Alex Kapter
- Kapter in 1946

No. 39
- Position: Guard

Personal information
- Born: March 26, 1922 Waukegan, Illinois, U.S.
- Died: July 25, 2005 (aged 83) Thousand Oaks, California, U.S.
- Listed height: 6 ft 0 in (1.83 m)
- Listed weight: 205 lb (93 kg)

Career information
- High school: Waukegan
- College: Northwestern
- NFL draft: 1944 (21st round, 211th overall pick)

Career history
- Cleveland Browns (1946);

Awards and highlights
- AAFC champion (1946); Second-team All-Big Ten (1943);

Career NFL statistics
- Games played: 6
- Stats at Pro Football Reference

= Alex Kapter =

American football player (1922–2005)

Alexander Joe Kapter (March 26, 1922 – July 26, 2005) was an American professional football player who was a guard for one season with the Cleveland Browns of the All-America Football Conference (AAFC).
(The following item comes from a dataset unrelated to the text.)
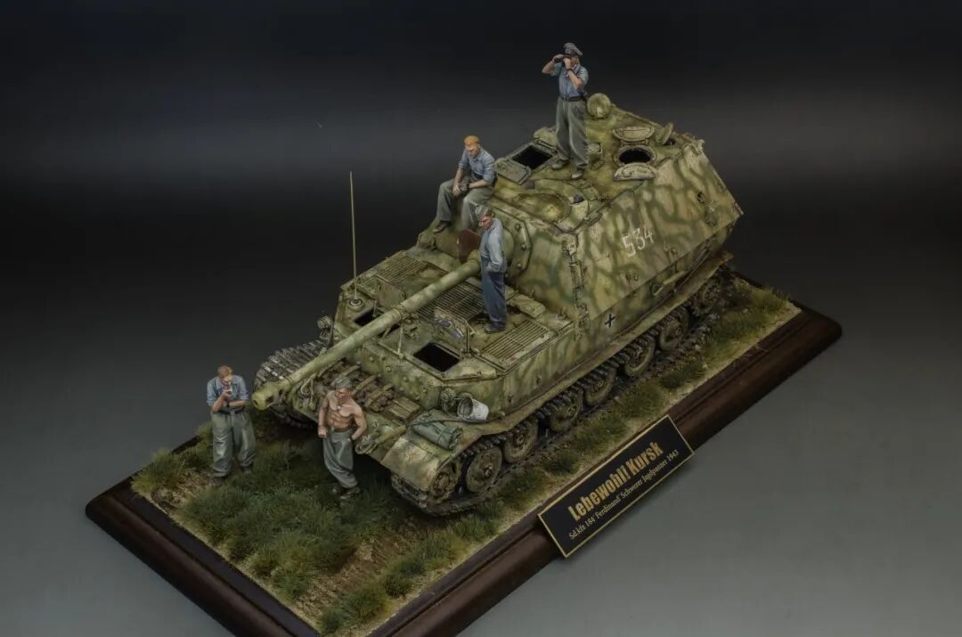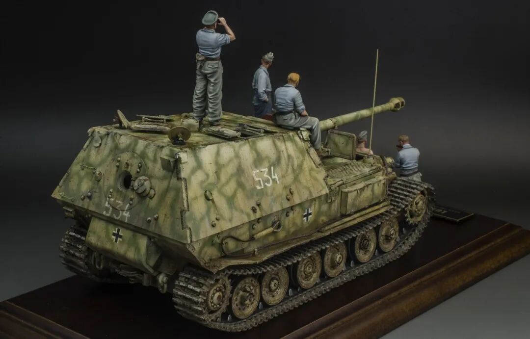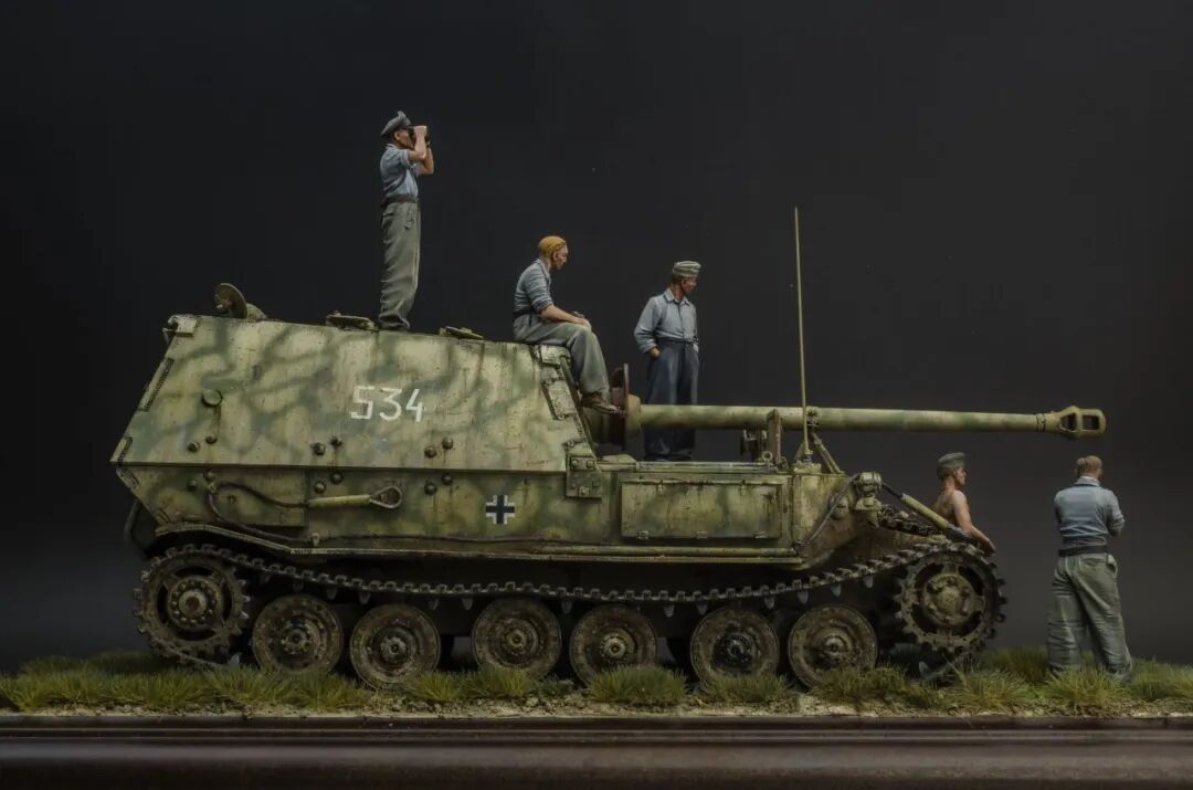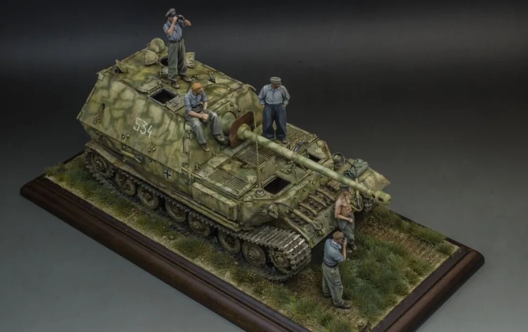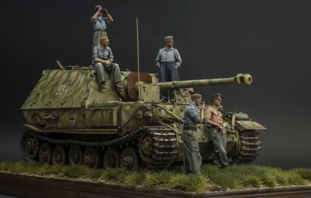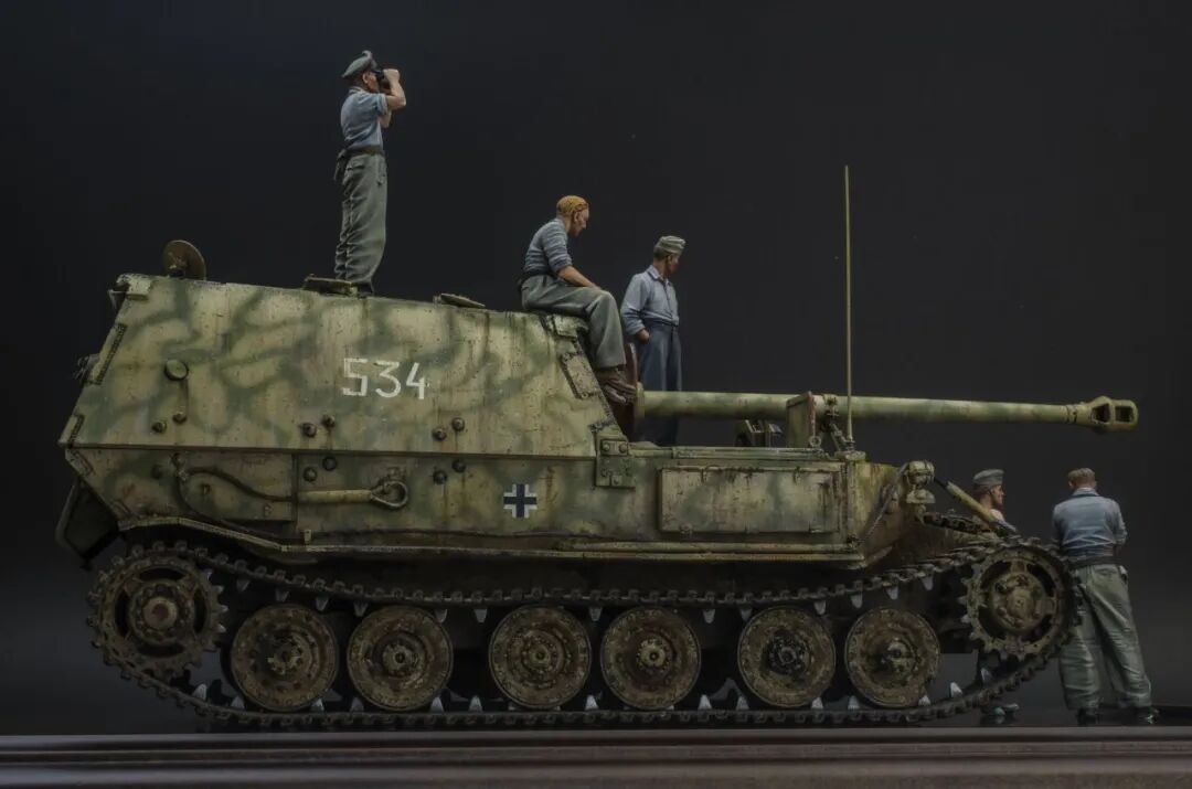 涂装旧化采用了656重歼击团654营的534号车,这辆车子涂装采用了比较细碎多变的绿色条纹涂装样式,而且比较有趣的是654营经过争夺某车站的战斗并遭受重大损失后,534号车仍幸存下来,但却永远无法到达战役目的地了。指挥官只能站在车顶手执望远镜瞭望,其他乘员也都疲惫不堪倚在战车上……

Kapter played college football for the Northwestern Wildcats and joined the Browns after a stint in the U.S. Navy during World War II. Cleveland won the AAFC championship in 1946, his only season as a professional football player.

==College career==

Kapter attended Northwestern University, where he played for the Wildcats. He started play as a sophomore year in 1941, but only became the team's regular left guard in 1942. Kapter entered the U.S. Navy in 1943, but was allowed to stay at Northwestern along with the football team's quarterback, Otto Graham, to finish the season. Kapter played in the College All-Star Game in 1943 and was named to the team again in 1944. The Navy barred him from participating in the 1944 game, however, because of a rule that disallowed any activity that would require an absence of 48 hours or more.

==Professional career==

Kapter was selected in the 21st round of the 1944 NFL draft by the Detroit Lions, but military service delayed his entry into the professional ranks. He signed in 1946 to play for the Cleveland Browns, a team under formation in the new All-America Football Conference. Otto Graham, Kapter's teammate at Northwestern, also signed with the Browns. During the 1946 season, Kapter alternated on occasion with Bill Willis at right guard when Willis came down with strep throat. The Browns won the AAFC championship that year.